> [Instructions to follow]
Only the lines below from the one that holds "Chándal bebé niña" through the one that holds "之后,张新柱实地查看了学生公" should appear in the answer, copied exactly, end lines included and pictures omitted.

> [Excerpted records]
—————

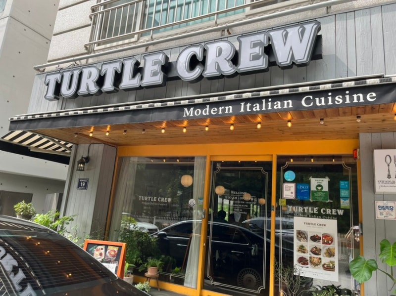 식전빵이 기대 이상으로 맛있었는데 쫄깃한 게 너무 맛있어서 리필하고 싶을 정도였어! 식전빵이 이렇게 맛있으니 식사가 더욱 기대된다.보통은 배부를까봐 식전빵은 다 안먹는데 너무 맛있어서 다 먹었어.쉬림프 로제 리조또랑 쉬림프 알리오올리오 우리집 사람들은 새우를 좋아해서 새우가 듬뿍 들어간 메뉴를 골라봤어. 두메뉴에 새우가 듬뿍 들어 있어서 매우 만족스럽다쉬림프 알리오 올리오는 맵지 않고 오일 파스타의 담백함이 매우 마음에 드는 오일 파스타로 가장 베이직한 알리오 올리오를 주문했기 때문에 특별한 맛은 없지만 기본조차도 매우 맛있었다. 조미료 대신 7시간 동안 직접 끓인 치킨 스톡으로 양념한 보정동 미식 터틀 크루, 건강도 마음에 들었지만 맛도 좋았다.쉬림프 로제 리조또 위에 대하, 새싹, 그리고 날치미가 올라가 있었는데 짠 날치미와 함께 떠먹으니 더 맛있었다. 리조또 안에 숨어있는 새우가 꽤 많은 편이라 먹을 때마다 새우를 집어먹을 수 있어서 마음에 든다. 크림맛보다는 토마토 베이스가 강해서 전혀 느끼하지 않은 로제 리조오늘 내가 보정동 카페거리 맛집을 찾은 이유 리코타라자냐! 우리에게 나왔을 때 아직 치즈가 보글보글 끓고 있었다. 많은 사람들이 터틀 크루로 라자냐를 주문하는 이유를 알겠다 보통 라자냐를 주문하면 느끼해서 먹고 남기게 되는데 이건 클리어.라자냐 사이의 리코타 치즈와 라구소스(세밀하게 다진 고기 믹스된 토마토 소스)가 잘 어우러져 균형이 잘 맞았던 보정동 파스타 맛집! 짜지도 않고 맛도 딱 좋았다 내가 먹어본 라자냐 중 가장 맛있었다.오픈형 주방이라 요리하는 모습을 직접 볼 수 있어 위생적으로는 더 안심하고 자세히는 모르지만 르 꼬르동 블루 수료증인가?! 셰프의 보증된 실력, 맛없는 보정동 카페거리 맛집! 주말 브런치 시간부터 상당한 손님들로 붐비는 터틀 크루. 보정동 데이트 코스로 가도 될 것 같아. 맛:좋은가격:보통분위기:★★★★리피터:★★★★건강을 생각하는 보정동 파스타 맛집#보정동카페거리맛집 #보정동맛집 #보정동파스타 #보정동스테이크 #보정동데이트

—————

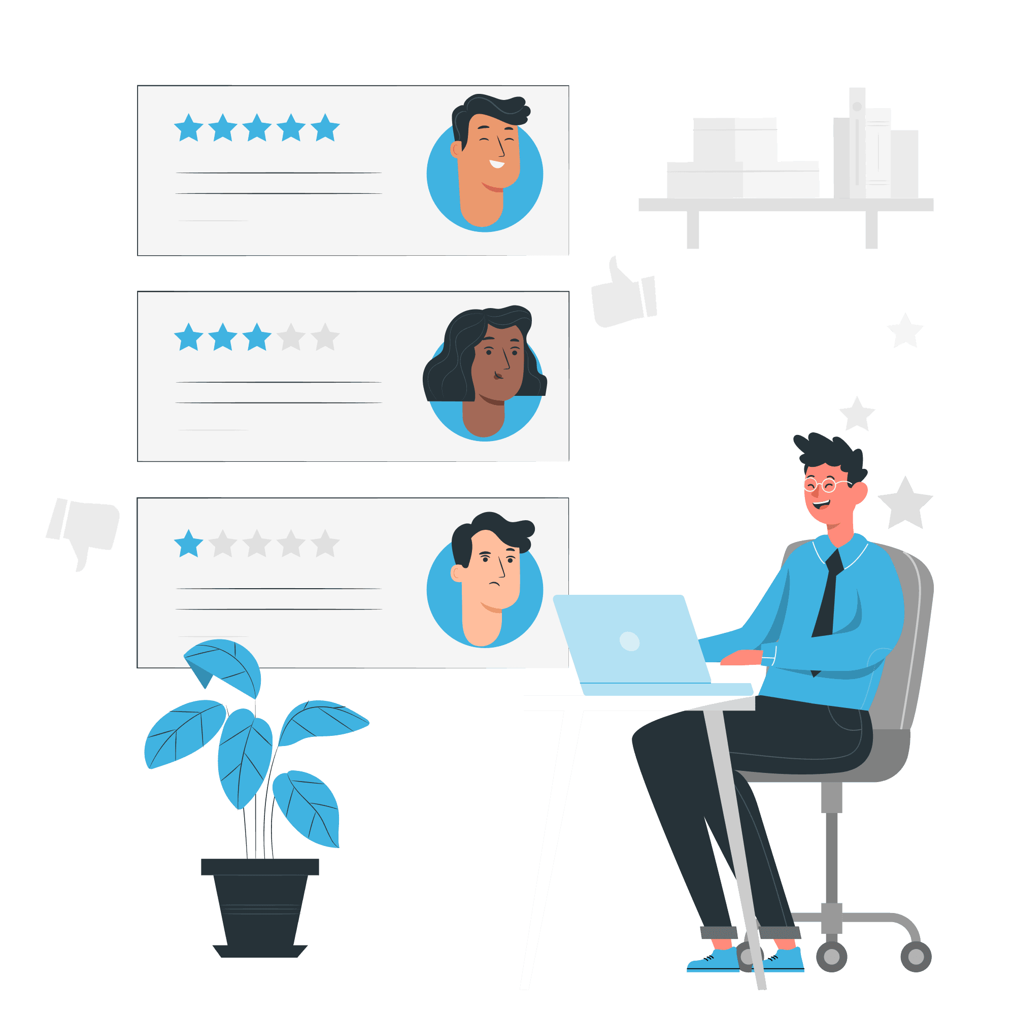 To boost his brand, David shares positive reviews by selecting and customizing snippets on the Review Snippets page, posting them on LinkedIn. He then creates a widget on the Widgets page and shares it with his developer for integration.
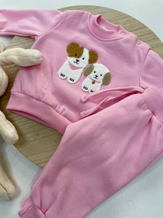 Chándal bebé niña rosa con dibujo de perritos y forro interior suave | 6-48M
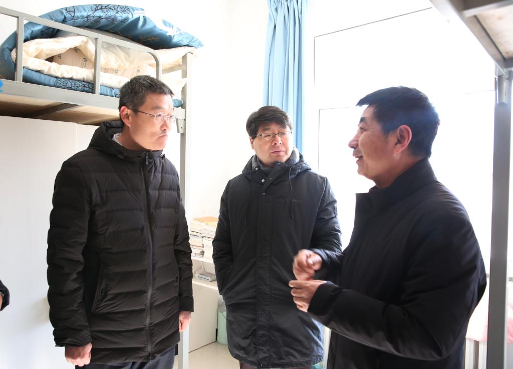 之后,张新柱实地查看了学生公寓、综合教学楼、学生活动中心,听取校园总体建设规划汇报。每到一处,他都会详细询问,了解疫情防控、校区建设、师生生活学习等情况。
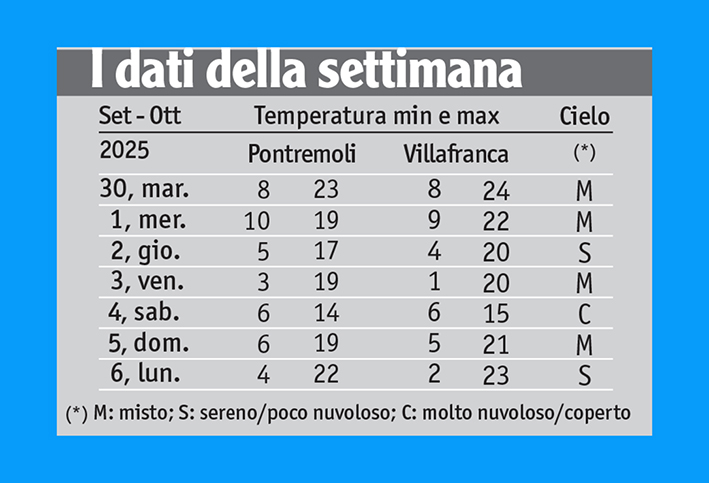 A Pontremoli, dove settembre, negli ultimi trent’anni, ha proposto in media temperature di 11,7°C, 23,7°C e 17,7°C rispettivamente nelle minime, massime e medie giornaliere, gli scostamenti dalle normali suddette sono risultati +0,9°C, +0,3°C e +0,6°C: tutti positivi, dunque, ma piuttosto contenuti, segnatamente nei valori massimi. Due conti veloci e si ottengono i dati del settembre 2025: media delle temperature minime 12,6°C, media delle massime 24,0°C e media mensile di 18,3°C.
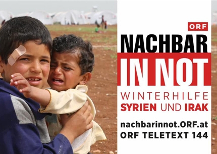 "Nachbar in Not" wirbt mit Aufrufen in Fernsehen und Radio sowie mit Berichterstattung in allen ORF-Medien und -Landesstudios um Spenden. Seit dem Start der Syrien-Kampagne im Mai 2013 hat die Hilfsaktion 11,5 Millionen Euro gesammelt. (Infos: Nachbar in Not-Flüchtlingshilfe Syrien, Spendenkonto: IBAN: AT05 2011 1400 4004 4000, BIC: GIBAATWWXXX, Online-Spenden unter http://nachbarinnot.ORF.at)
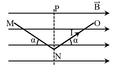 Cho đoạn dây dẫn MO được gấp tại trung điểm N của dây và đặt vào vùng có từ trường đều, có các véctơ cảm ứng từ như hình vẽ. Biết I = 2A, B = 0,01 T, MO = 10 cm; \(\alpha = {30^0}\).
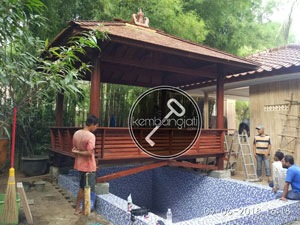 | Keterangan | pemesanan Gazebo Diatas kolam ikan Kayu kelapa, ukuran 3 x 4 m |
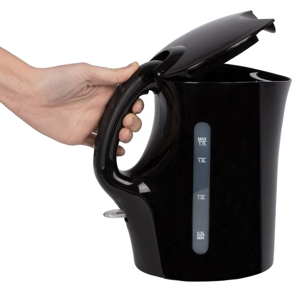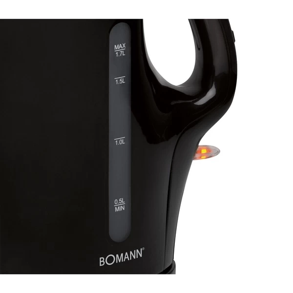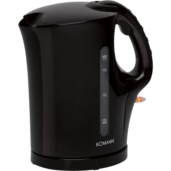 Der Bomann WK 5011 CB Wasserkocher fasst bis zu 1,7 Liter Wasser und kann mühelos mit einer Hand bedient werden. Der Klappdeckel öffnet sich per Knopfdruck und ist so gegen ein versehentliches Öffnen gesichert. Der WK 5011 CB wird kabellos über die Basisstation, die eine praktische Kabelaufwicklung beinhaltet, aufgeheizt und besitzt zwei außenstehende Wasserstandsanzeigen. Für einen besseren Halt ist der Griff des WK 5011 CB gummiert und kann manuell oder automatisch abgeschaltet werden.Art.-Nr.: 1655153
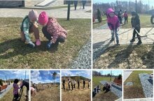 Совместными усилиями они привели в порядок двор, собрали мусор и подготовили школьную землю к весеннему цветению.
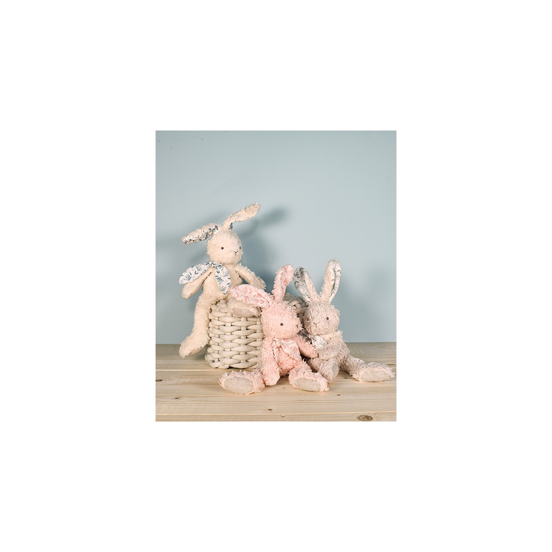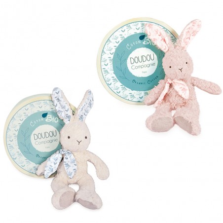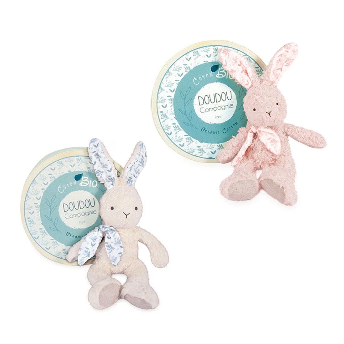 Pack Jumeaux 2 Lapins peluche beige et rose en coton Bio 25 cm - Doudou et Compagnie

—————

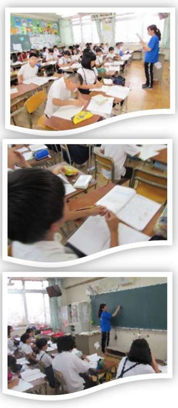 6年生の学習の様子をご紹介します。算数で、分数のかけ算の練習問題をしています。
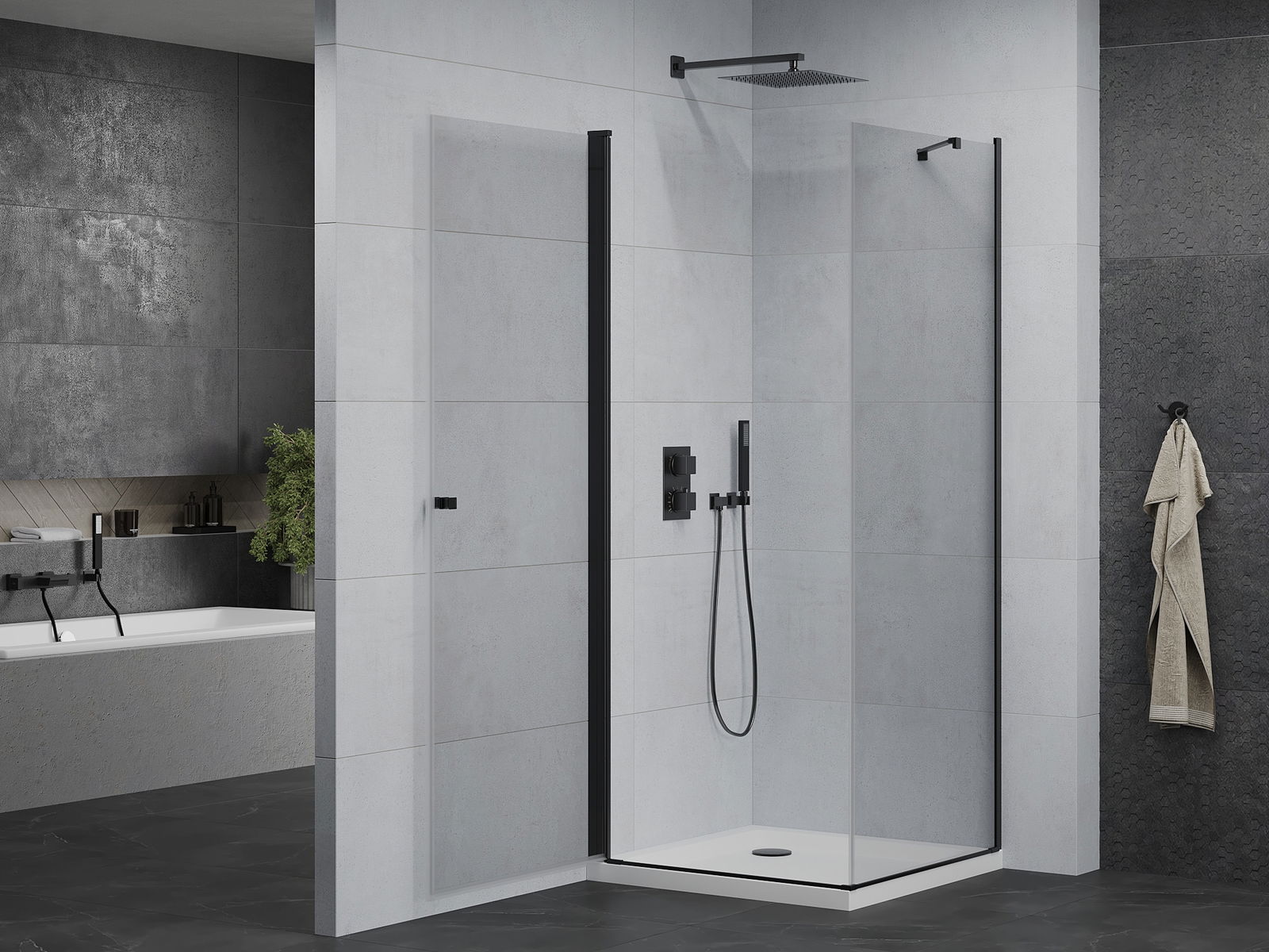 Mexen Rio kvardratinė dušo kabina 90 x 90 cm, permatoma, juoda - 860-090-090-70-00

—————

> [Output below]
 Chándal bebé niña rosa con dibujo de perritos y forro interior suave | 6-48M
 之后,张新柱实地查看了学生公寓、综合教学楼、学生活动中心,听取校园总体建设规划汇报。每到一处,他都会详细询问,了解疫情防控、校区建设、师生生活学习等情况。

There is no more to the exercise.